Airbus veut que l'aéronautique bénéficie du grand emprunt

Airbus veut que l'aéronautique bénéficie du grand emprunt

Airbus, filiale d'EADS, souhaite que la filière aéronautique bénéficie du grand emprunt qui sera lancé en 2010 par le gouvernement français, déclare le directeur général du constructeur aéronautique européen, Fabrice Brégier.
"Nous estimons qu'il faudrait mobiliser 800 millions à un milliard d'euros sur six ans en plus de ce que les industriels investissent déjà afin d'être prêt à l'horizon 2015 à lancer la nouvelle génération d'avions civils", précise-t-il.
"La France doit être le moteur dans cette action. Il s'agit autant d'un enjeu environnemental que d'un enjeu de compétitivité", ajoute Fabrice Brégier.
L'argent obtenu servirait au financement de nombreuses PME innovantes, selon le dirigeant, dont les budgets de recherche ont été réduits en raison de la crise.
Il s'agit pour la filière aéronautique européenne de préserver son avance technologique face à la concurrence, notamment celle de la Chine qui devrait lancer son gros-porteur C919 d'ici 2015-2020.
Fabrice Brégier évoque par ailleurs le défi environnemental auquel Airbus et le secteur aéronautique devront faire face.

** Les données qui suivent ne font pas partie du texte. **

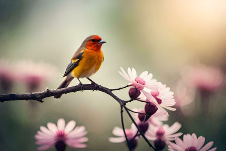 Aromatic Birds tree branch flowers. Wild bird day. Generate Ai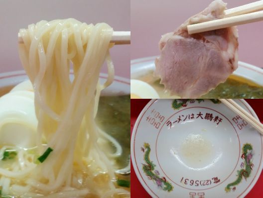 さぁ気になるお味です。。。麺は中細で加水多めのほぼストレート、やや角があるタイプです、、、ゆで加減は固くも柔らかくもなくでしょう。。。そして何と言っても「大鵬軒」さんはスープがGOOD!!

"A l'horizon 2020, les avions en service devront en effet avoir réduit de moitié leurs émissions de CO2, de 80% celles d'oxyde d'azote et de 50% leurs nuisances sonores", déclare-t-il.
Pour l'échéance 2020, le groupe travaille sur des moteurs à hélices rapides (open rotors) moins gourmands en carburant ainsi que sur l'intelligence des avions qui permettrait de mieux réguler le trafic aérien.
Airbus cherche également des solutions pour se préparer à la pénurie de pétrole. "Nous explorons plusieurs pistes notamment celles des carburants de synthèse et des biocarburants", indique Fabrice Brégier.
A échéance plus lointaine, le directeur général évoque même la possibilité d'avions fusées qui sortiraient de l'atmosphère terrestre pour gagner en rapidité.
"Ils nous permettraient de faire Paris-Tokyo en deux heures", précise-t-il.